Excerpted data: Begin

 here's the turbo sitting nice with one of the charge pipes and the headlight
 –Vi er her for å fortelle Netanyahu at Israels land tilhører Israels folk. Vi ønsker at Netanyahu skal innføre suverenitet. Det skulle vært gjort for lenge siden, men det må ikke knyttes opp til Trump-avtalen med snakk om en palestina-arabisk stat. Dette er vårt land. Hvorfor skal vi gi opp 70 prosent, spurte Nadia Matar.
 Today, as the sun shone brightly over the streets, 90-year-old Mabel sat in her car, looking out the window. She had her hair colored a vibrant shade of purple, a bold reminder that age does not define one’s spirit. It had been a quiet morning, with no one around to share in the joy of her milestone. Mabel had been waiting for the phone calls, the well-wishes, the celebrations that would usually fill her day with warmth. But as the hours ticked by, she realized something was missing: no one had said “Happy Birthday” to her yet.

Excerpted data: End
Excerpted data: Begin

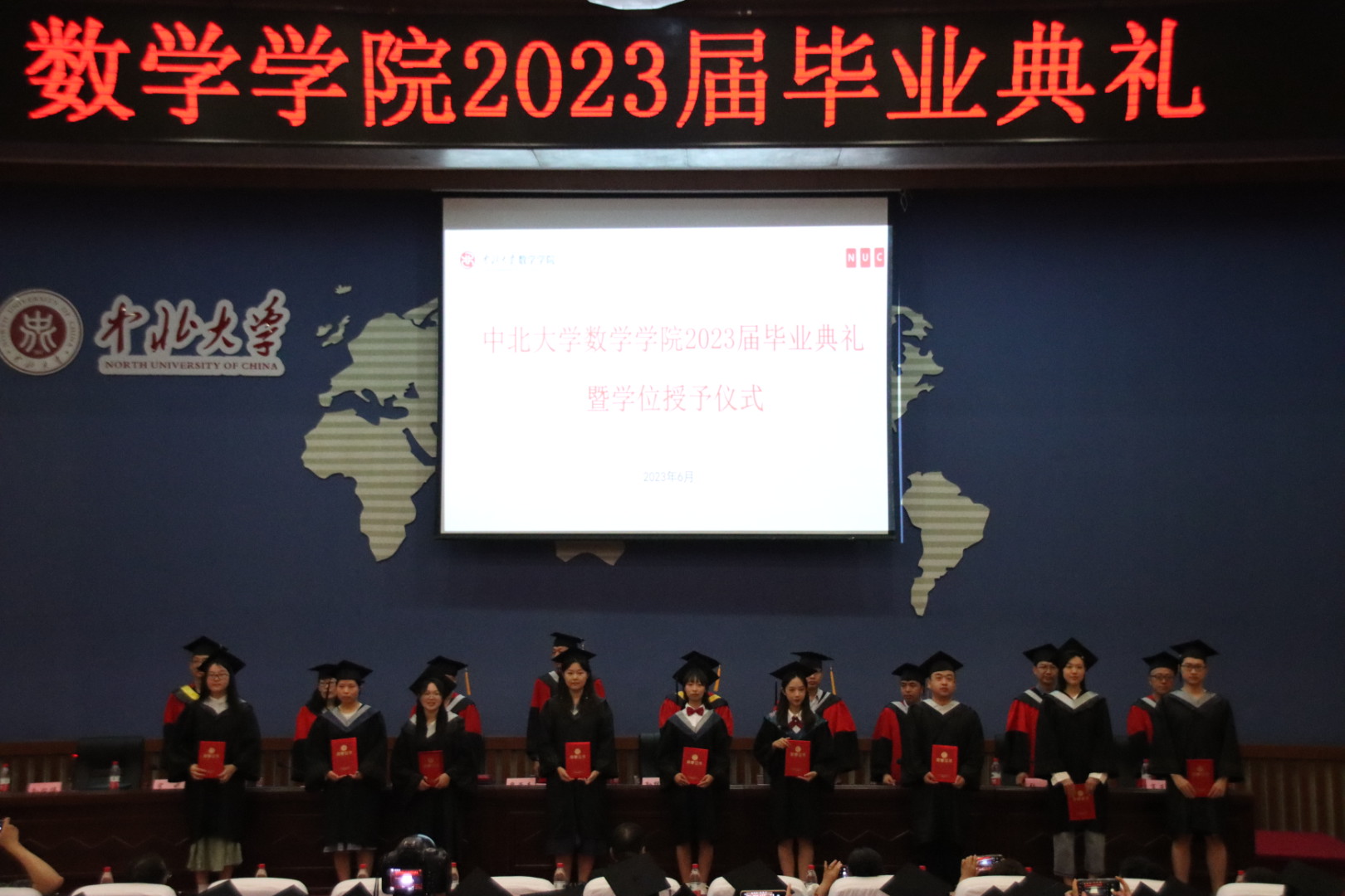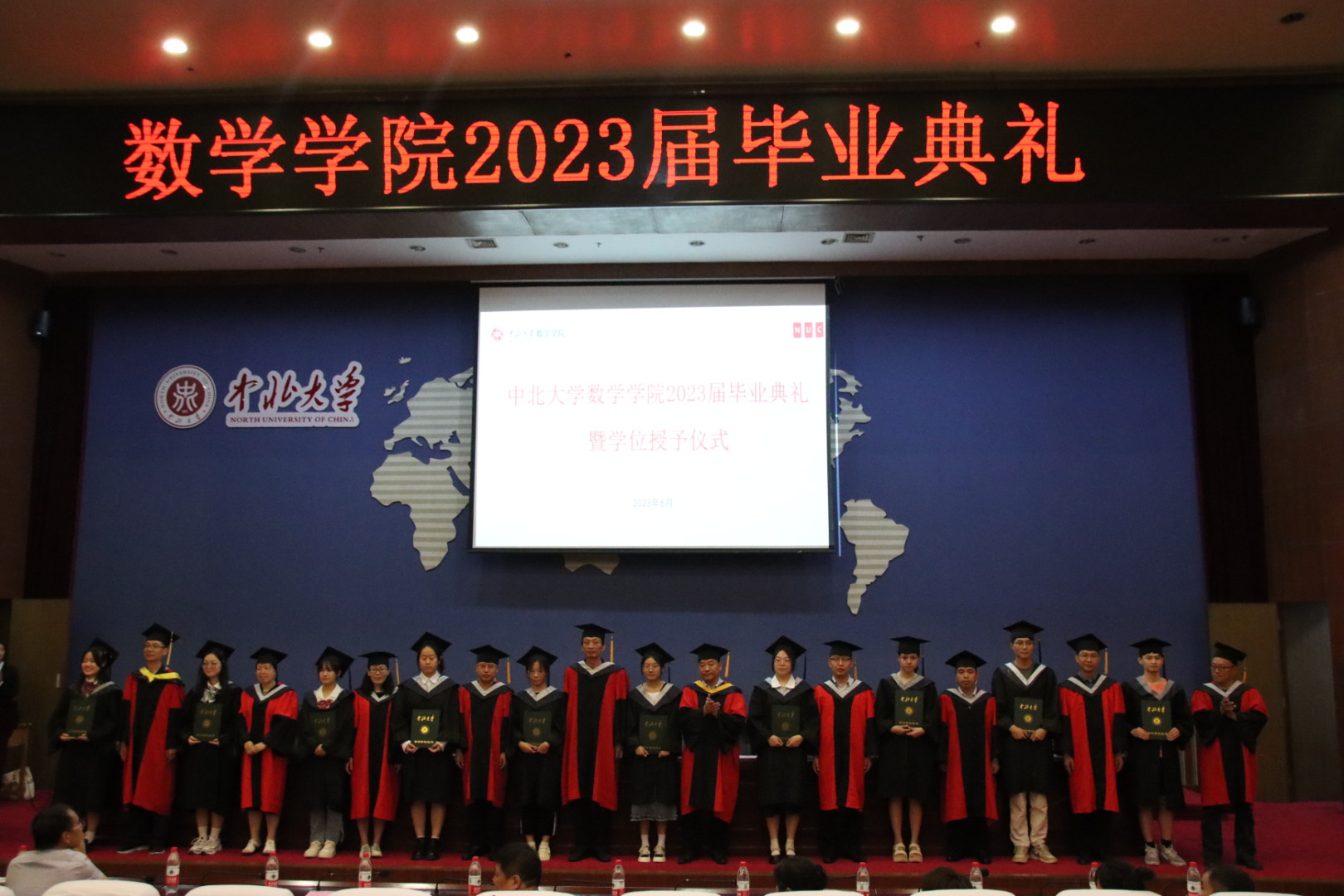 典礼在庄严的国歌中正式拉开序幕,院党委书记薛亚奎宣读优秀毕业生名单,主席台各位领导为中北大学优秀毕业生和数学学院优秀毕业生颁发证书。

Excerpted data: End

• Task description: Only the lines above from the line with "here's the turbo" to the line with "Today, as the", those two lines included, should be reproduced exactly.

• Exercise result:
 here's the turbo sitting nice with one of the charge pipes and the headlight
 –Vi er her for å fortelle Netanyahu at Israels land tilhører Israels folk. Vi ønsker at Netanyahu skal innføre suverenitet. Det skulle vært gjort for lenge siden, men det må ikke knyttes opp til Trump-avtalen med snakk om en palestina-arabisk stat. Dette er vårt land. Hvorfor skal vi gi opp 70 prosent, spurte Nadia Matar.
 Today, as the sun shone brightly over the streets, 90-year-old Mabel sat in her car, looking out the window. She had her hair colored a vibrant shade of purple, a bold reminder that age does not define one’s spirit. It had been a quiet morning, with no one around to share in the joy of her milestone. Mabel had been waiting for the phone calls, the well-wishes, the celebrations that would usually fill her day with warmth. But as the hours ticked by, she realized something was missing: no one had said “Happy Birthday” to her yet.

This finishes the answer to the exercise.